Render Legion ships Corona Renderer 1.6 for 3ds Max


Originally posted on 6 January 2017. Scroll down for news of the final release.

Render Legion has posted a preview video showing some of the new features coming up in Corona Renderer 1.6, the upcoming release of its 3ds Max production renderer.

Changes include improved sampling of HDR images, support for triplanar texture mapping and rendering stereo images in side-by-side format, and new interactive rendering functionality.

Improved sampling of HDR images and support for triplanar texture mapping
New features due in Corona 1.6 include improved sampling of HDR images with high contrast ratios: for example, those in which the sun is visible.

The functionality results in significantly less noise when rendering images with HDRI-based lighting, as you can see at the start of the video above.

Corona also now supports triplanar texture mapping.

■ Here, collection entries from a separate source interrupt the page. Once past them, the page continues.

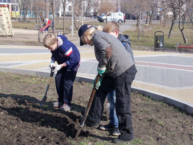 В эту субботу территорию убирали члены общественной организации "Каскад". Ребята вместе с родителями очистили территорию от листьев и мусора, вскопали клумбы.
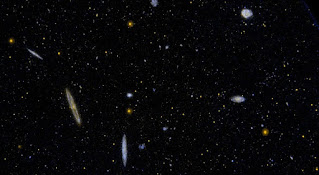 In our local region of the universe the Virgo Cluster, shown here is a sort of center, its mass distorting everything around it, but the unvierse as a whole has no center. Image Credit: NASA/JPL-Caltech/SSC
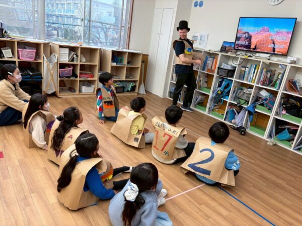 お子さま達は本日にテーマである「カウボーイ」のダンスをしてカウボーイになりきる準備をしましたよ!

The technique – also supported in V-Ray – enables artists to texture objects without suitable UV coordinates by projecting separate texture maps along each object-space axis and blending between them to avoid visible seams.

The renderer can also now render stereoscopic images in side-by-side format as well as 360-degree panoramas, as you can see at 09:35 in the video.

Pan and zoom or perform curve adjustments in the VFB
Other changes include the addition of channel adjustment curves to the Virtual Frame Buffer, along with the option to pan and zoom in the VFB – during interactive rendering, at least.

In addition, render regions can now have soft edges, as you can see at 04:10 in the video.



Updated 24 April 2017: Corona Renderer 1.6 for 3ds Max is now shipping.

As well as the features covered above, the release introduces the Corona Image Editor (CIE), a sister application for loading EXR files and adjusting post effects in the images.

The tool, which is designed as a less system-intensive alternative to opening an EXR in standard image-editing software, supports all the features of the Corona VFB.

That includes denoising and LightMix, Corona’s system for relighting scenes without re-rendering them.

CIE also reads ‘regular’ EXRs – that is, those not generated in Corona – and can output the edited image in EXR, PNG, JPEG, BMP formats.

There are also updates to the VFB and LightMix themselves, including the option to bake changes made in the VFB into a LightMix scene, removing the need to edit lights individually in the viewport.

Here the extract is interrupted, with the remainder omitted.